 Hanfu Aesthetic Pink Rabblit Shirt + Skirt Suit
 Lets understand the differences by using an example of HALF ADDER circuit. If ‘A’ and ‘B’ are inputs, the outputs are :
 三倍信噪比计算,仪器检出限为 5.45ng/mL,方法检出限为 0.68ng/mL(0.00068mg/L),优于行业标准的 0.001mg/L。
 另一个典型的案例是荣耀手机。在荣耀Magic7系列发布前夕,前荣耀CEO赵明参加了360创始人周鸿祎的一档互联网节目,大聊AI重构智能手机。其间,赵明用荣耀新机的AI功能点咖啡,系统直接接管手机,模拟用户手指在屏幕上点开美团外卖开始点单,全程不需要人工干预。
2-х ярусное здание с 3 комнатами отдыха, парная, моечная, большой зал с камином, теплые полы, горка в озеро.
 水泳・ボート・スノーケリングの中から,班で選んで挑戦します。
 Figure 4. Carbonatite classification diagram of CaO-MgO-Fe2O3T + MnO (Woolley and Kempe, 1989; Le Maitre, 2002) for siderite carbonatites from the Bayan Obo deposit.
...
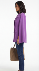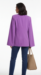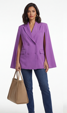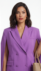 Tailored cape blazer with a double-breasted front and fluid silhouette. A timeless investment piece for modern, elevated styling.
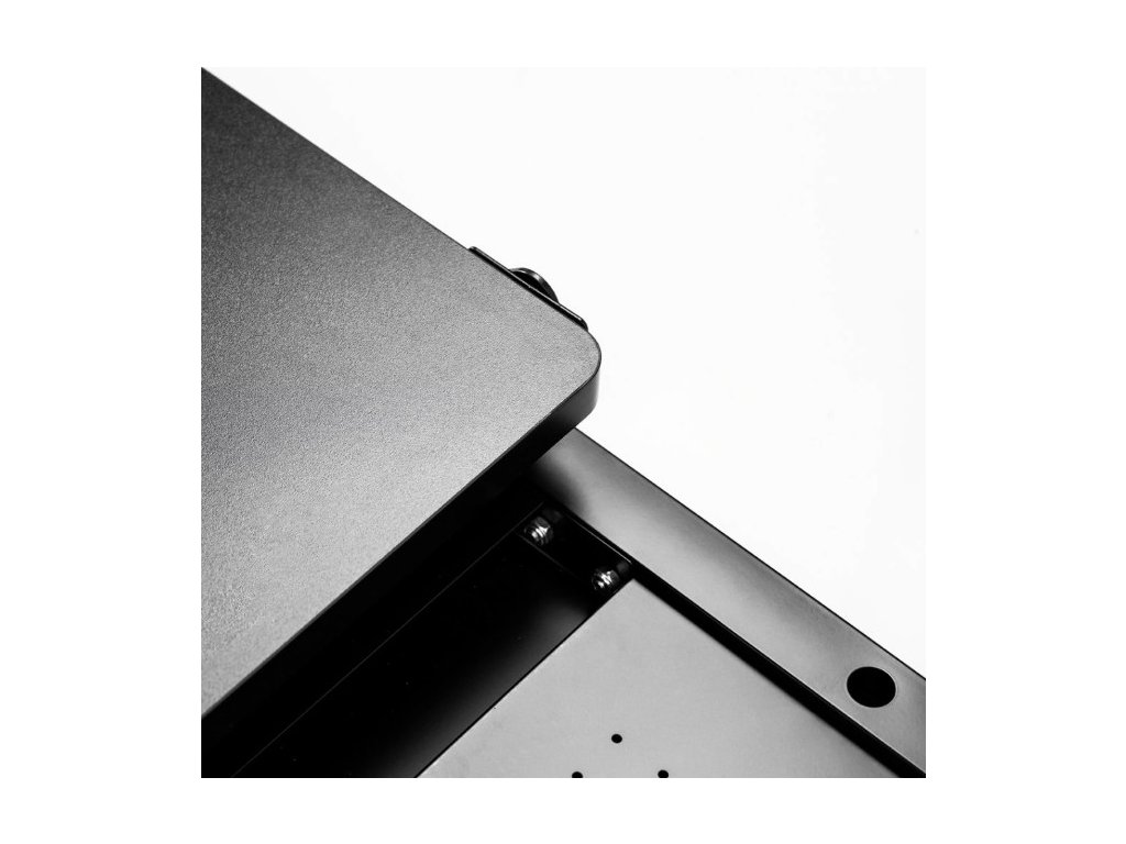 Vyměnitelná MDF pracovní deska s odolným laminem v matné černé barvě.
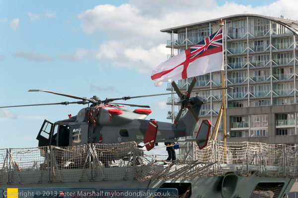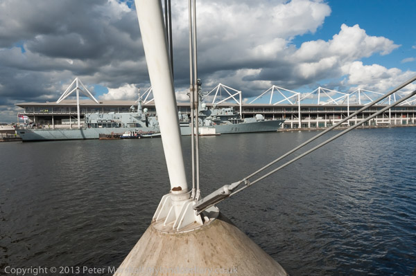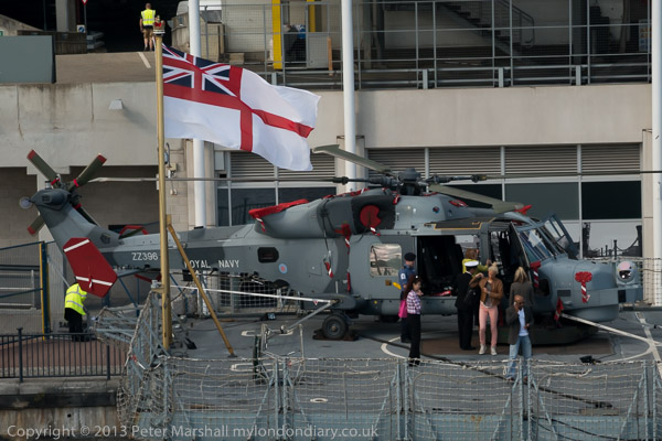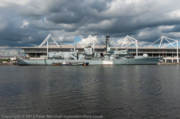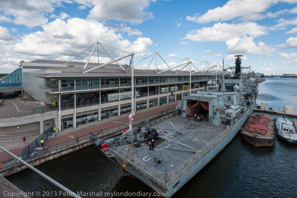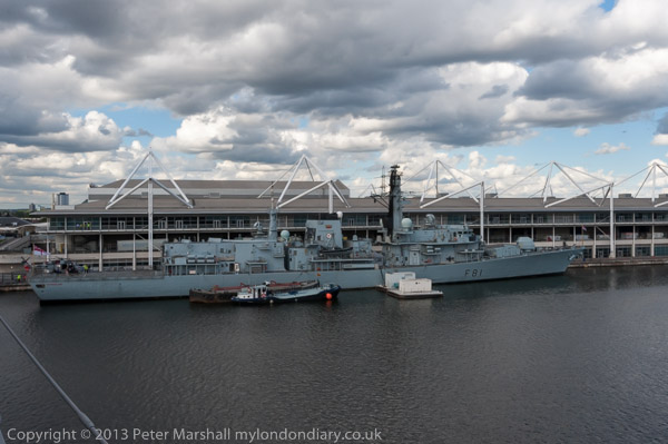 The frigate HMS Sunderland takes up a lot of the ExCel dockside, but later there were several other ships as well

__TRY IT__: There is a run of lines above from the one with "Hanfu Aesthetic Pink" to the one with "三倍信噪比计算,仪器检出限为 5.45ng/mL,方法检出限为 0.68ng/mL(0.00068mg/L),优于行业标准的"; print exactly that run, both ends included, and nothing else.

__EXPECTED ANSWER__:
 Hanfu Aesthetic Pink Rabblit Shirt + Skirt Suit
 Lets understand the differences by using an example of HALF ADDER circuit. If ‘A’ and ‘B’ are inputs, the outputs are :
 三倍信噪比计算,仪器检出限为 5.45ng/mL,方法检出限为 0.68ng/mL(0.00068mg/L),优于行业标准的 0.001mg/L。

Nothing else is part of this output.